[Cython] Supporting cython.operator in C

Robert Bradshaw robertwb at gmail.com
Wed Jun 1 23:43:21 EDT 2016


On Wed, Jun 1, 2016 at 1:56 PM, Jeroen Demeyer <jdemeyer at cage.ugent.be> wrote:
> On 2016-05-31 20:35, Robert Bradshaw wrote:
>>
>> I can't think of any fundamental reason these couldn't be implemented
>> in C, but there's really no need to do so as they can't be overridden
>> in C.
>
>
> Well, for the comma operator there might be no reason. However, it would be
> nice if one could generate arbitrary code of the form
>
> (x) (operator) (y)
>
> for any C/C++ values x and y and any operator. Two particular cases I
> encountered where this would be useful:
>
> 1. "x = y" where x is something that Cython does not consider an lvalue.

Cython doesn't support operator= even for C++, nor provide an
operator.X definition for it. (These are only provided for operators
that don't have a Python equivalent.) Are there cases in C where one
has an lvalue but Cython can't tell? (I suppose foo(x) if foo is a
macro--is that the only case?)

You can always define your own macro #define ASSIGN(a, b) (a = b).
Redefining what a valid lvalue is in the language (and syntax) is a
whole can of worms I'd rather avoid getting into...

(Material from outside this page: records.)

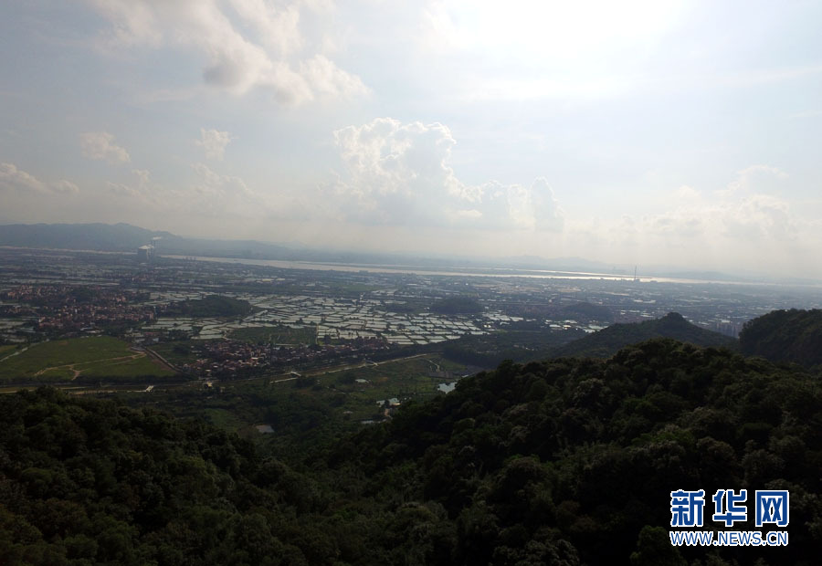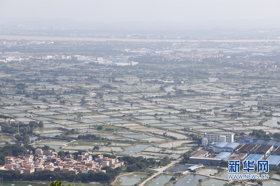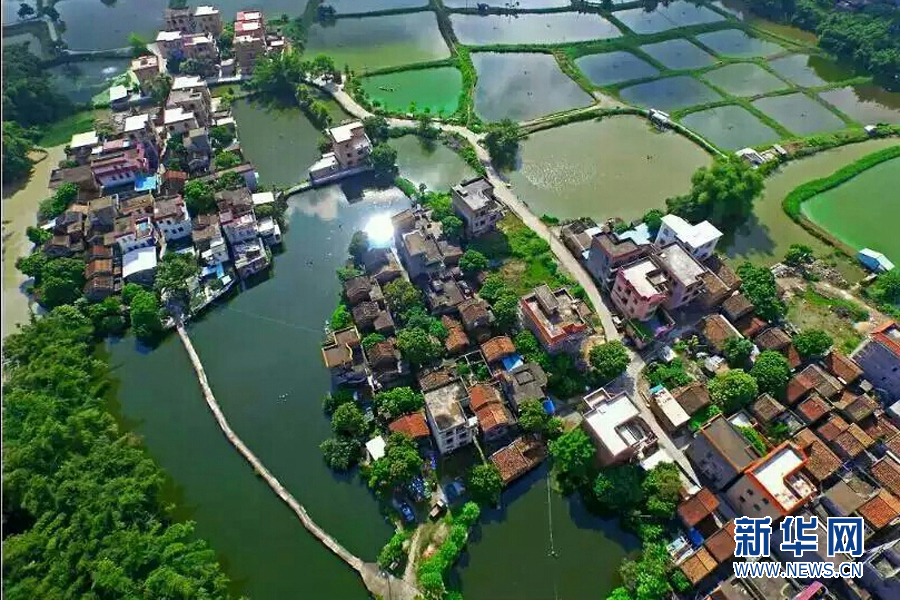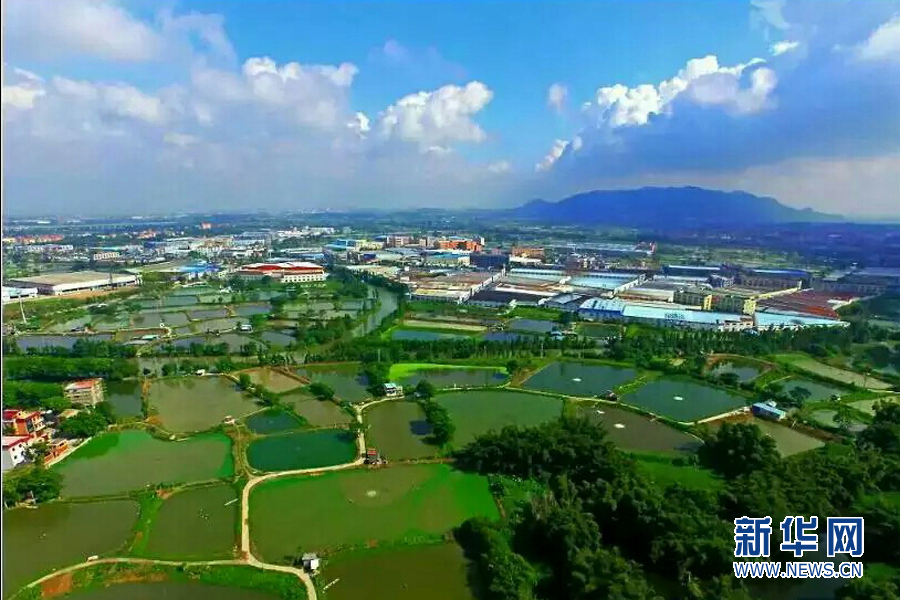 新华网无人机航拍西樵山下的桑基鱼塘。新华网 伍嘉炜摄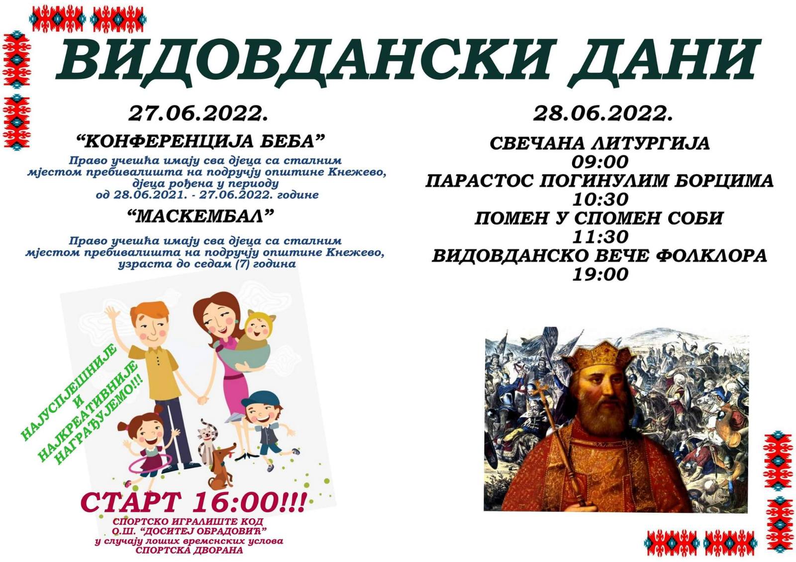 Povodom Vidovdana jednog od najvećih srpskih praznika, Opština Kneževo ove godine organizuje sada već treću po redu manifestaciju pod nazivom „Vidovdanski dani“.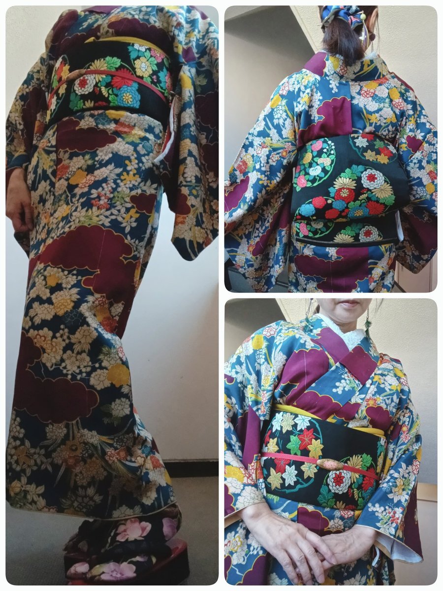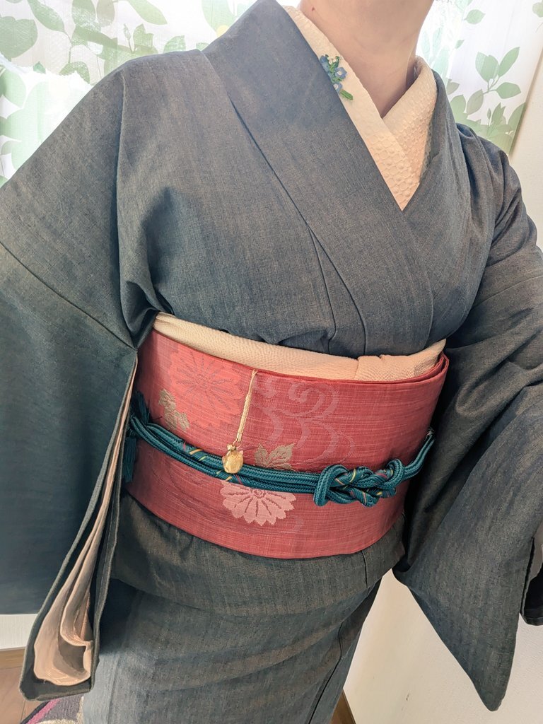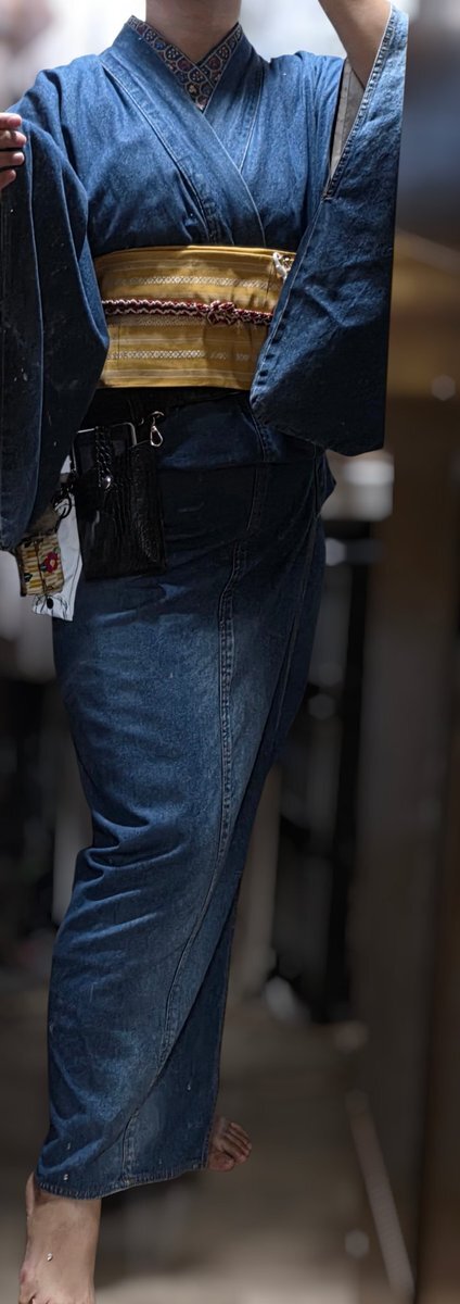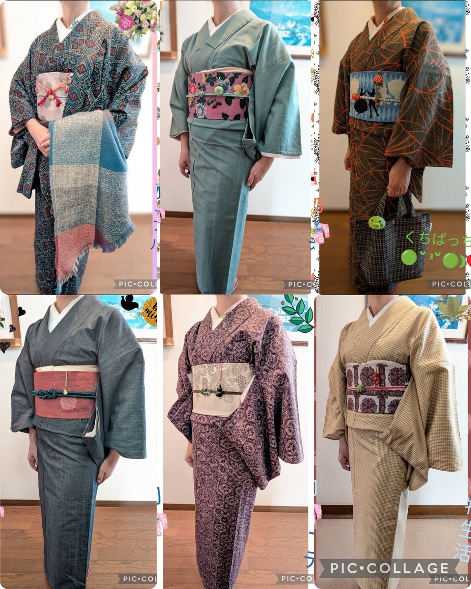 着物コラージュ👘 紬のような風合い #今日の着物 #着物コーデ #おうち着物 お品書き デニム着物(くるり) 名古屋帯 水引細工根付(自作) ガラス根付🐱 ↹左写真反転 pic.x.com/Kw77lNXPWu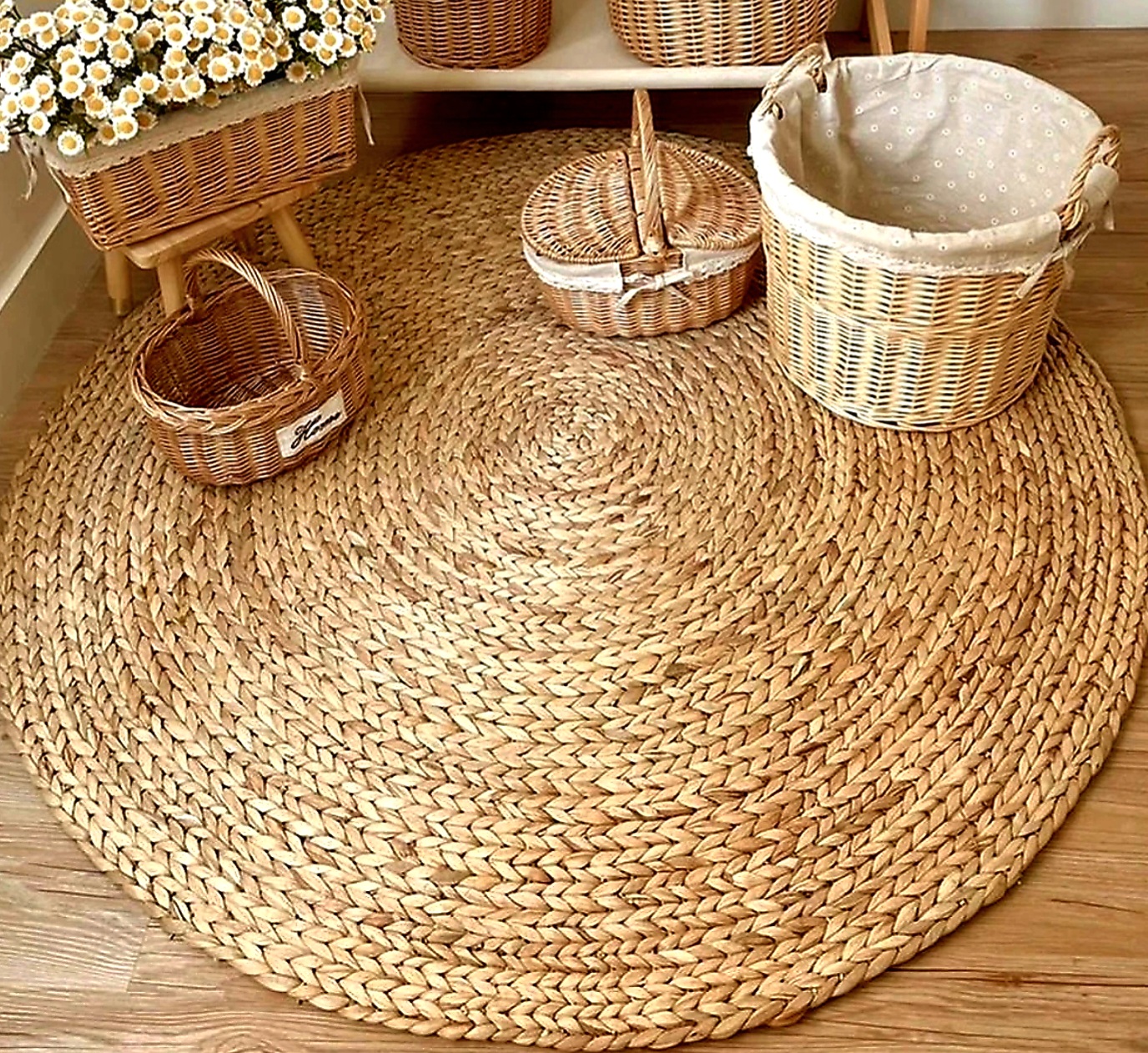 ❁ Thảm trải sàn Cói & Lục bình tròn cao cấp xuất khẩu kích thước tùy chỉnh 60/80/100/120/150/180cm | ongtre (Vietnam). • Sản phẩm được ongtre đặt hàng trực tiếp từ làng nghề phục vụ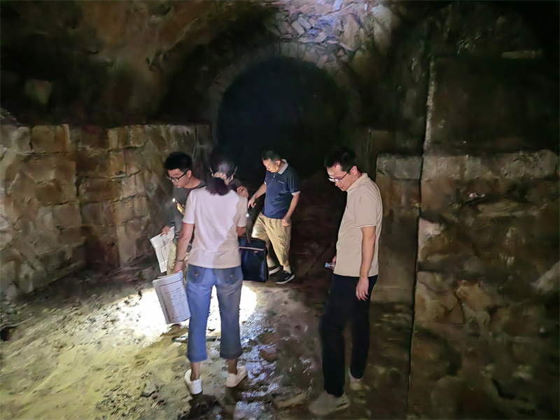 在项目现场,工作人员对照工程图纸,深入乌山人防工程、后县山人防工程、于山人防工程等进行现场踏勘,摸清工程走向、周边区域地形、各出入口位置,内部建筑平面布局、被覆情况,初步确定后期勘测现场作业内容、勘测方式、控制点的选择、数据建模参考材质等;双方就下一步编制测绘方案,确保后期勘测贴合现状、数据准确、要素齐全、图纸详尽,以及做好现场勘测自身安全防护工作等具体问题进行了充分探讨。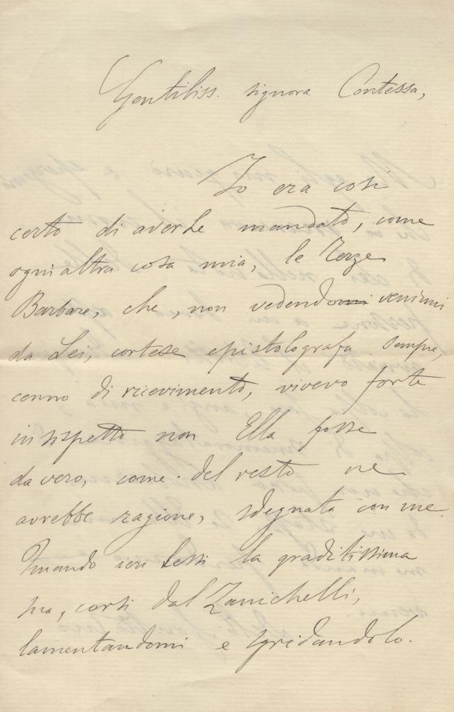 La missiva si configura come lettera di condoglianze, nella quale il Vescovo esprime alla destinataria le più vive e partecipate espressioni di cordoglio per il suo lutto. Il vescovo invita la contessa a trovare conforto nella fede, augurandole “i più soavi conforti” e ricordando come Dio non lasci senza ricompensa nemmeno la più piccola opera compiuta per amor Suo. Sottolinea inoltre la dignità della sofferenza cristiana, riconoscendo nella destinataria una donna che ha saputo sopportare a lungo sacrifici e dolori, e la esorta a confidare nella speranza di "vivere felice in luogo di pace".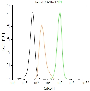 The SH-SY5Y (H) cells were fixed with 4% PFA (10 min at r.t.) and then permeabilized with 90% ice-cold methanol for 20 min at -20℃,the cells then were incubated in 5%BSA to block non-specific protein-protein interactions (30 min at r.t.), followed by secondary antibody incubation for 40 min at room temperature. Primary Antibody (green):Rabbit Anti-Cdk5 antibody (bsm-52029R,1:100); Isotype Control (orange): Rabbit IgG (bs-0295P). Blank control (black): PBS. Acquisition of 20,000 events was performed.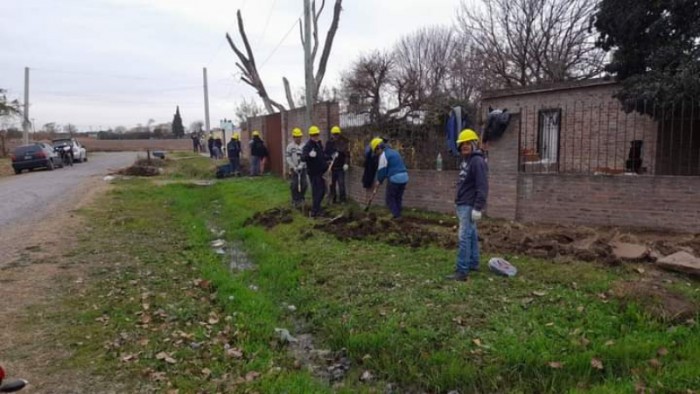 Trabajadores del Movimiento Evita comenzaron la primera etapa de la obra de conexión e instalación intradomiciliaria de electricidad, red peatonal y arbolado público, en el barrio de 12 de Marzo.

> 2. "x || y" because Cython's "x or y" generates complicated code which isn't
> optimized as well as "x || y".

I just tried using gcc -O3 and the resulting assembly is identical.
Granted, "x or y" does have a different meaning in Python (and
Cython), returning the first of x or y that is True rather than a
boolean. To get the C behavior, write <bint>(x or y). I think this is
automatically done when it's used as a condition. The "more
complicated" code is necessary to get the correct short-circuiting
behavior, in particular when the right hand side is not expressible as
a pure C expression (e.g. requires intermediates).